- Ocoya Location within the state of Illinois Ocoya Ocoya (the United States)
- Coordinates: 40°48′18″N 88°41′2″W﻿ / ﻿40.80500°N 88.68389°W
- Country: United States
- State: Illinois
- County: Livingston
- Elevation: 673 ft (205 m)
- Time zone: UTC-6 (Central (CST))
- • Summer (DST): UTC-5 (CDT)
- ZIP codes: 61764
- Area codes: 815, 779
- GNIS feature ID: 423031

= Ocoya, Illinois =

Ocoya is an unincorporated community in Central Illinois, located in southern Livingston County.

== History ==
Ocoya began as a hamlet containing only a station on the Chicago & Alton Railroad (Now Union Pacific) in 1854. Duff and Cowan, from Pontiac platted it. Its post office opened in 1860 (now closed). The land was purchased by Charles Roadnight, then General Freight Agent of the Chicago, Alton & St. Louis Railroad, who soon after erected a small warehouse and depot. Part of the warehouse was used as a store, Alexander Martin generally attending to the business of Agent, Postmaster and storekeeper. April 30, 1870, Ocoya was officially surveyed and platted. In 1871, the first grain elevator was built and the Baptist church a year later. Overshadowed by Chenoa and Pontiac, it remained tiny. At one point, it contained two stores, a gas station, a church and school. It still has a grain elevator owned by Prairie Central Co-op and a few scattered homes and around 30 residents.

=== Elevator ===
As mentioned above, the most notable structure remaining in Ocoya is the grain elevator. The original wood and metal structure was removed many years ago. Later three, 30 foot diameter and one custom cement bins were built in the 1950s.
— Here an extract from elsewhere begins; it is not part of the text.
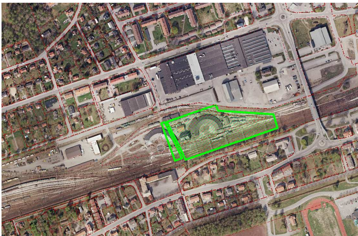
Figur 4 De gröna rasttrade ytorna är de delar som återstår av den gällande stadsplanen från år 1923.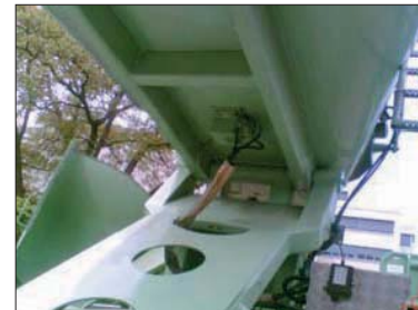
NHG 900 L

The old wooden elevator was replaced by four, 40 foot diameter bins were built to the north. Between 2009 and 2015, the southern section of the elevator lost a metal grain bin after it burst open. Later on, but within the same range, the north grain site had a new grain leg installed.

== Location ==
Ocoya is located in Eppards Point Township, at an elevation of 673 ft. Historic Route 66 runs parallel to the community's border. The community is served by the Pontiac post office.

== Climate ==

The weather in Ocoya is humid continental. The average temperatures during the summer are a high of 85 F and a low of 63 F. The average temperatures during the winter are a high of 30 F and a low of 17 F. Annual rainfall is approximately 38 in, and there are an average of 194 sunny days per year. Snowfall is 26 in per year.